L’homme, je l’ai d’abord rencontré auprès d’un mécanisme articulé en bois, animant des marionnettes, pas plus grandes qu’une main. Le dispositif était en voie de montage pour la fête de l’après-midi dans un village Santal du Bengale occidental. Les Santals sont l’une des tribus les plus importantes de l’Inde, avec leur propre panthéon d’esprits et de dieux qui se distingue de celui de l’hindouisme. Si vous demandez à un Santal ce qu’il fait assis devant sa maison, il vous répondra : « je suis assis », et si vous lui demandez pourquoi il fait un théâtre de marionnettes, il vous dira que c’est parce qu’on le fait d’ordinaire.
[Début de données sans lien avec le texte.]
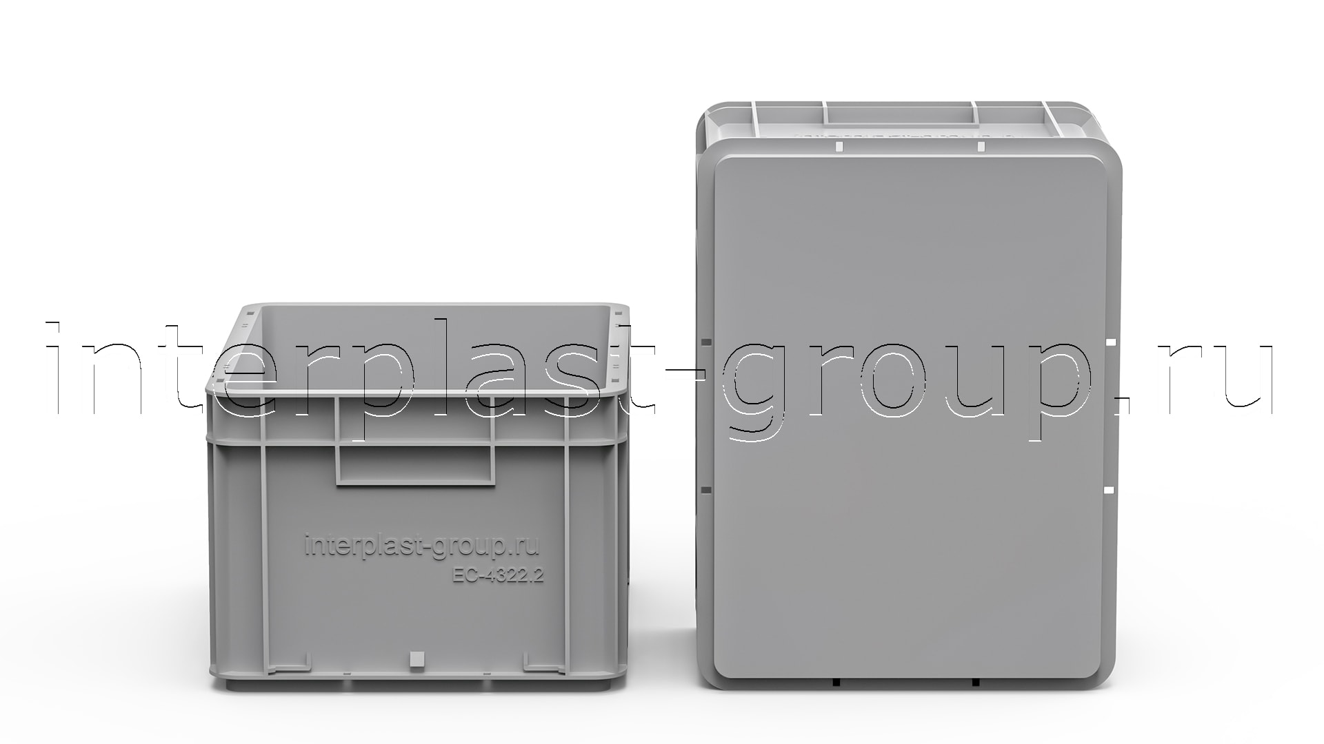 Евроконтейнер закрытые ручки/сплошное дно (серый), 400x300x220 мм

Donc l’homme qui, à mes côtés, regardait le mécanisme, était médecin, adepte de l’Ayurveda, formé dans la grande université de Jamnagar, que j’ai eu l’occasion de visiter un an plus tard. On y faisait une remarquable prise en charge calme et attentive par une physiothérapie régulière des malades post-AVC.
L’homme était fasciné par l’ingéniosité et la beauté des marionnettes qui reproduisaient des danses traditionnelles tribales. Il était comme moi face à l’étrangeté de la civilisation Santal, vue au travers des lunettes d’une autre culture, occidentale pour moi et celle de l’hindouisme pour lui. J’ai pu lui fixer un rendez-vous pour l’interviewer le lendemain avec deux étudiants.
« A la campagne et à la ville, nous expliqua-t-il, l’usage de la médecine est différent. Le villageois voit un animal malade prendre du repos pour se remettre, il fera de même pour lui. Mais en ville, il faut une guérison immédiate et pour cela la médecine occidentale est excellente. Par exemple, un mal de tête passe après 8 heures de repos et quelques plantes, mais si vous devez aller travailler, vous prenez un médicament. En ville, le problème c’est le temps et aussi l’aliénation. »
– « L’aliénation ? »
– « Oui, regardez le méchant Duryodhana du Mahabharata, il a préféré l’aliénation, se cacher plutôt que de se montrer en toute transparence. Si vous avez un ami avec qui vous pouvez tout partager, vous n’avez pas de problème. Si vous cachez les choses, c’est de l’aliénation. »
Nos conversations sont enregistrées et pas toujours compréhensibles d’emblée. Ici, il a fallu revenir sur cette comparaison avec un héros de la mythologie hindoue qui m’était inconnu. Voici l’histoire : le roi aveugle Dhrtarastra avait épousé Gandhari, qui, par piété conjugale, avait décidé de vivre à ses côtés les yeux bandés. Avant la grande bataille du Mahabharata, elle avait proposé d’ôter son bandeau et de regarder son fils Duryodhana dans sa nudité pour lui transmettre sur tout son corps l’invincibilité, par l’effet de son seul regard. Refusant de se montrer en toute transparence (ce que notre interlocuteur appelle l’aliénation), Duryodhana revêtit une culotte et le regard de sa mère ne fit aucun effet sur la partie recouverte de son corps où il fut plus tard blessé mortellement. Cette histoire, qui rappelle celle d’Achille, illustre pour notre interlocuteur la fragilité du monde urbain, aliéné dans une poursuite effrénée du temps, des masques et des dissimulations. « Less is more » certes, mais alors vraiment less, et sans culotte. Une sorte de mythe du bon sauvage comme chez Rousseau lorsqu’il écrivait « Avec si peu de sources de maux, l’homme dans l’état de nature n’a donc guère besoin de remèdes, moins encore de médecins ». Mais cet état de nature préconisé par notre collègue ayurvédiste et par Rousseau, existe-t-il vraiment ? Vouloir le trouver chez les Santals, n’est-ce pas une illusion ? Et pourtant tout le monde le cherche… même le Conseil fédéral.
Le Conseil fédéral a bien compris que « less is more » et va réduire le temps de consultation pour que l’on s’essouffle toujours plus. A quoi bon du temps puisque la médecine est inutile. Les médecins époumonés, soumis à des évaluations en toute transparence, bientôt sans culotte, ne seront pourtant pas invincibles et ils disparaîtront dans les marécages du burnout : la population suisse sera enfin rendue à l’état de nature. On mourra jeune à nouveau, sans maladie chronique en contemplant, tout en agonisant, un théâtre de marionnettes : 7 sages décérébrés, seuls survivants, animés par les mécanismes de l’esprit du temps.